Does this matter? Yes. Any distortion of the electricity markets in favour of nuclear -- or any other technology -- will inevitably retard the introduction of wind energy, now that it is starting to be competitive. Wind lobbyists need to know the facts of such distortions to argue their case with conviction. The report puts the cost of French nuclear electricity at $0.05 to $0.06/kWh -- slightly lower than the levels which emerged from the UK nuclear review last year. These levels are higher than official estimates of the nuclear industry because reactor availability inevitably turns out to be lower in practice than originally envisaged. This is beyond dispute. (Wind turbine availability, on the other hand, is often higher than anticipated.)

It is clear that nuclear power still has a charmed existence, on both sides of the English Channel, despite the mounting evidence on its poor economics. Privatisation of British Energy -- the more modern bit of the UK's nuclear industry -- is ploughing ahead, come what may. The sale price is expected to be about half the construction cost of the latest nuclear station, just completed. So, seven stations will almost certainly be sold for less than the cost of one, a graphic illustration that nuclear economics cannot be brilliant. And that's without taking into account a detailed analysis of decommissioning liabilities, undertaken in a report initiated by Friends of the Earth and a consortium of local authorities, which argues that the true value of British Energy -- when the liabilities are taken into account -- is negative.

This editorial is not, however, a diatribe on economics. There are other lessons to learn. The analysis of French exports teaches us that energy privatisation legislation must be clear, sensible and simple and should not be rushed.

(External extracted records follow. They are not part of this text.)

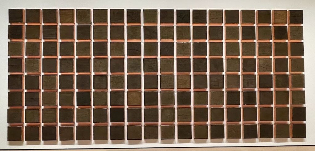 Focusing on migration, artist Jackie Amezquita mixed soil from 144 L.A. neighborhoods with masa (corn dough) and other materials to present 144 slabs. Each of them represents specific sites or life events.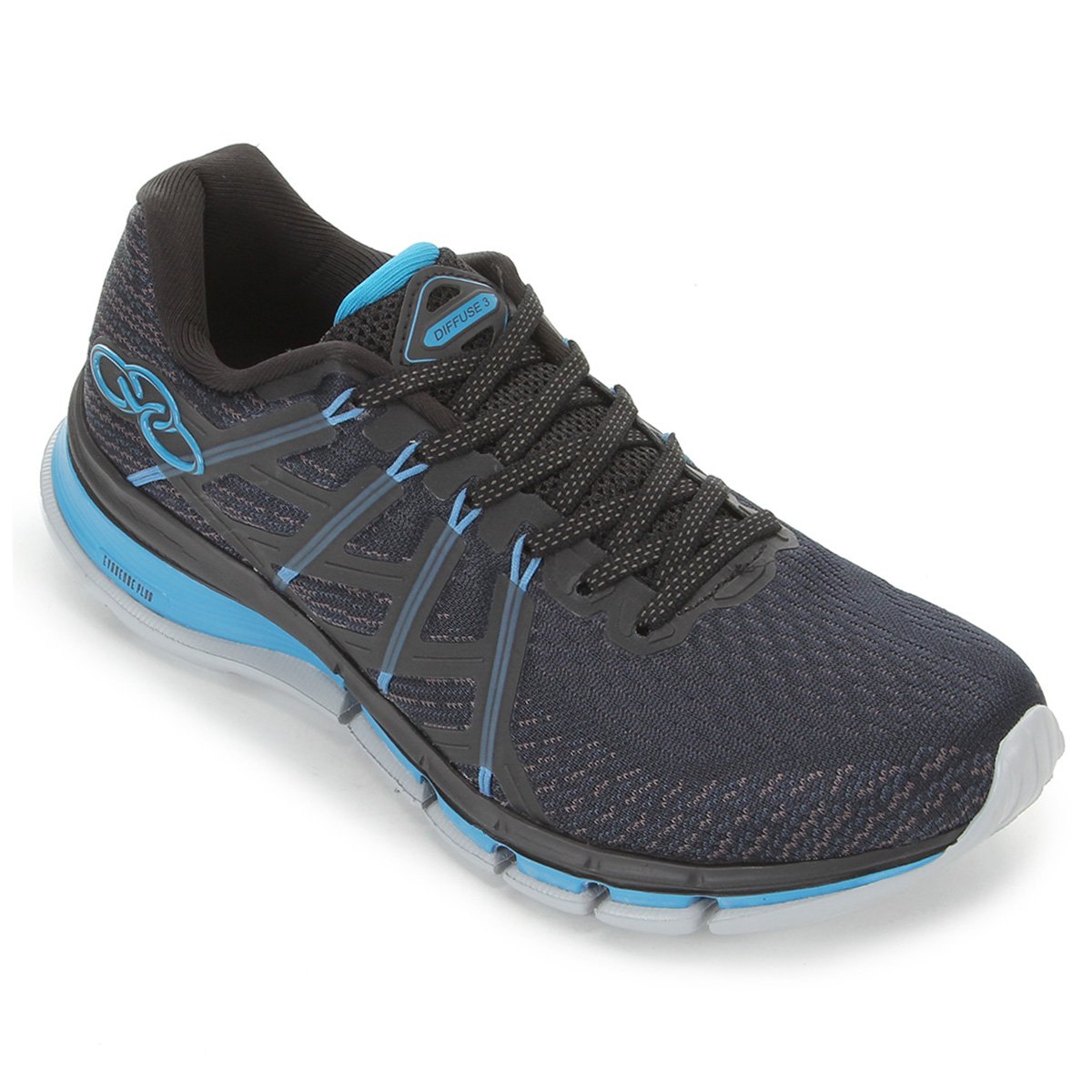 Pánské superlehké tenisky OLYMPIKUS DIFFUSE 3 black/teal blue. Sportovní boty jsou vyrobeny z různobarevné tkaniny Jacquard se strategickými otvory v horní části tenisek. Tenisky jsou lehke a prodyšné. V podrážce se kombinuje dvojitá vrstva Evasense Plus a Eva Pro, což zajišťuje rychlé zotavení, měkkost, pohodlí a odpružení při procházkách, bězích a krátkých cvičeních.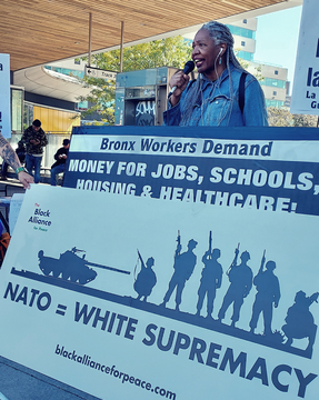 At an opening rally in Fordham Plaza, community organizers, speaking in both Spanish and English, decried the $70 billion spent on the U.S. proxy war in Ukraine while residents of the Bronx – the city’s poorest borough – struggle with evictions, hunger, decrepit schools and racist police violence.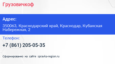 Грузовичкоф по адресу 350063, Краснодарский край, Краснодар, Кубанская Набережная, 2 в дальнейшем Организация, размещена в следующих категориях: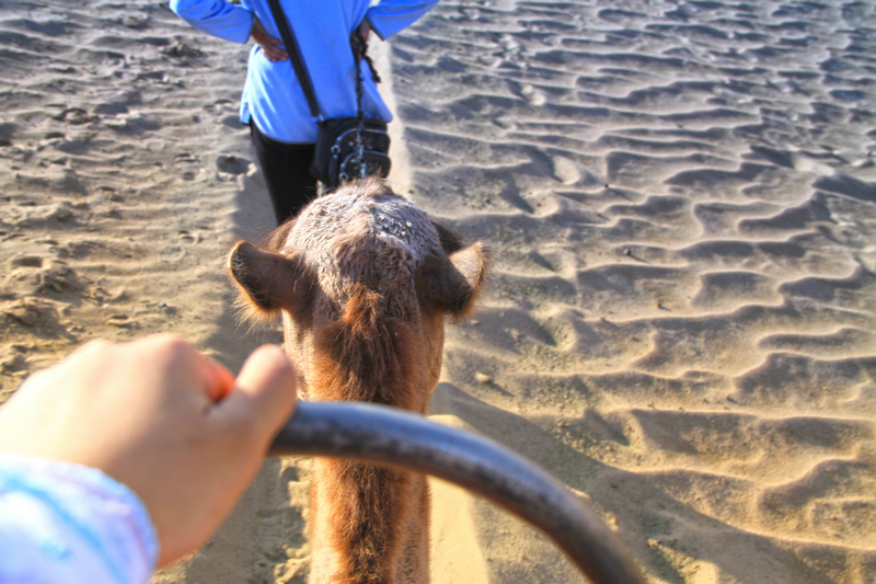 在入门处租了一双鞋套,买了骑骆驼的票,在驼队里等待出发。很遗憾地,我和妈妈分开了两个骆驼队,她的队伍先出发了。骆驼是属于当地的家庭的,每个家庭拥有一支或数支驼队,每支驼队有5只骆驼。8点半左右,我的驼队出发了。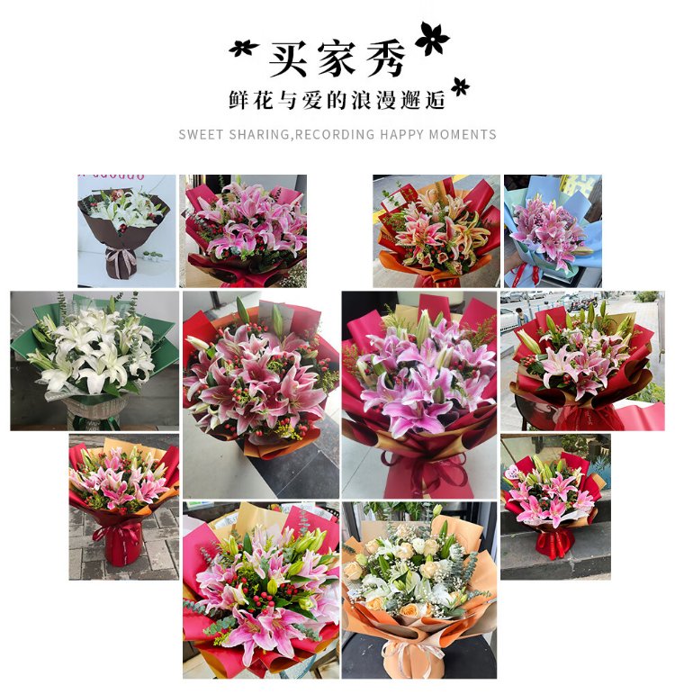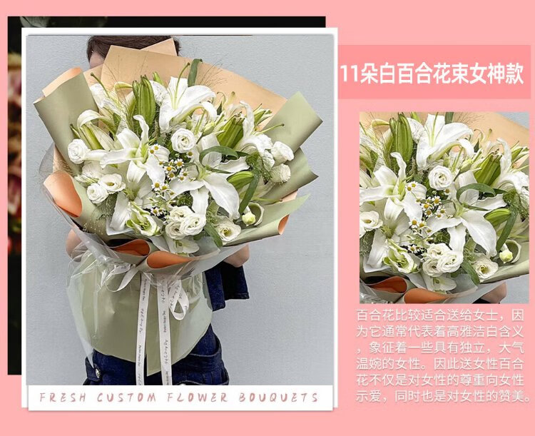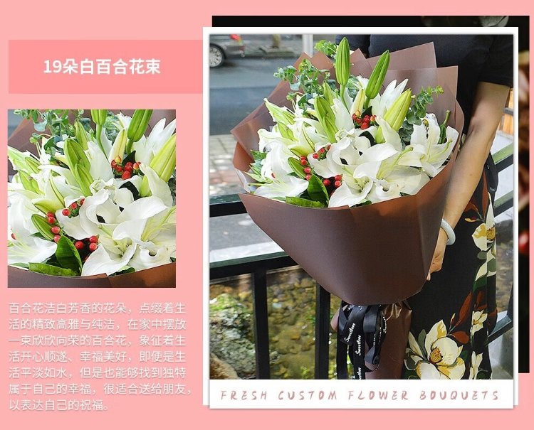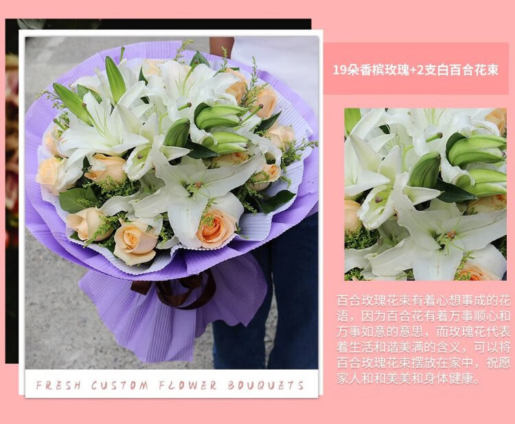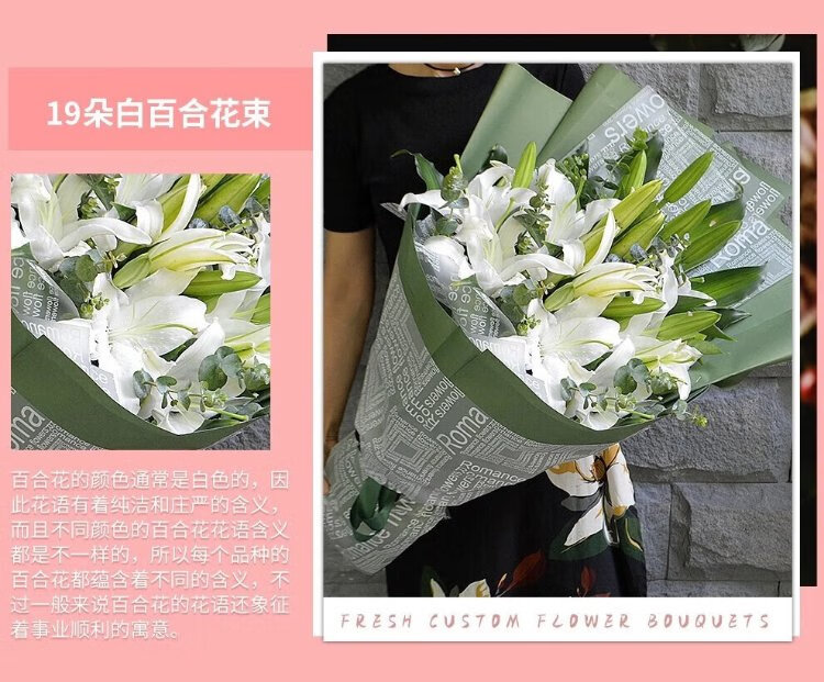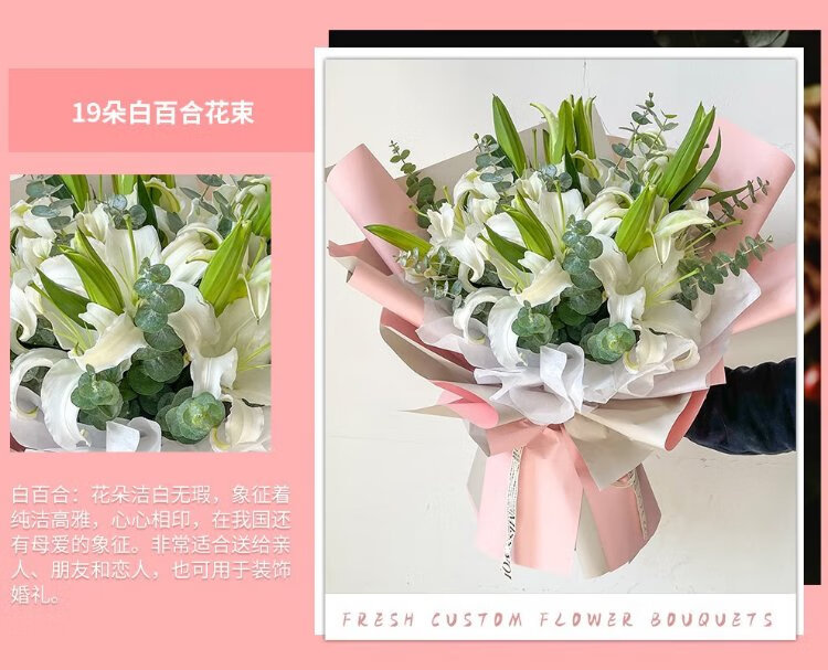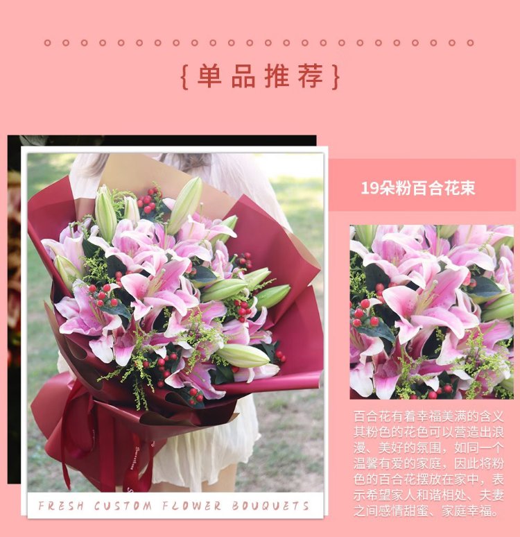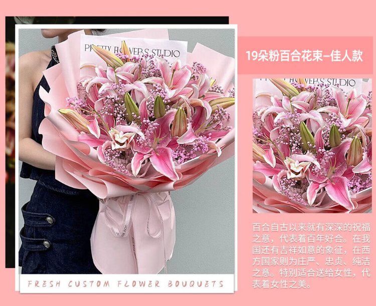 Illustration Flower Express Perfume Lily Bouquet Blessing Confession Gift for Wife and Girlfriend Birthday Gift Nationwide Delivery 19 Pink Lily Bouquet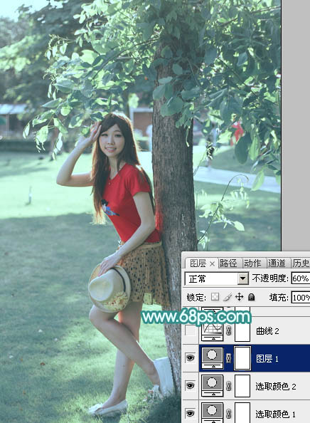 Photoshop给树下的女孩加上清新的青绿色(3)

In Britain, these criteria were not met. An effect of this has been to allow the French nuclear utility, EdF, to claim exemption from the 10% levy imposed on fossil sources in the UK. It does this by claiming it is exporting nuclear-generated electricity to Britain. Yet the Greenpeace report presents strong evidence that a proportion of the French energy is generated from fossil fuel. In drawing attention to this anomaly, the report is reiterating what the UK government was told by one of its own select committees four years ago, when the need for closure of coal mines was examined. The UK government, however, does not want to know. In responding to its select committee the government naively claimed "the electricity imported from France is supplied from designated nuclear stations" and anticipated that bid prices for the interconnector would move to "more closely reflect the marginal cost of supply." Again, this matters. If the imports from France are underpriced, it means opportunities for indigenous coal-fired electricity -- and renewables -- are being unfairly excluded.

The most worrying aspect of all this is that there appears to be no effective mechanism for settling the uncertainties. Despite the importance of energy, the monitoring process in Europe for breaches of EU legislation in this area is conspicuous by its absence. Without such monitoring, all the fine words on open access, transparency, and a fair crack of the whip for wind, do not amount to much. As the Greenpeace report notes, the only EU department with investigative powers, the competition directorate, has nobody employed full time to keep an eye on energy networks. In an area as important as energy, the people of Europe need to know the players are abiding by the rules. That much security is the least wind should ask for.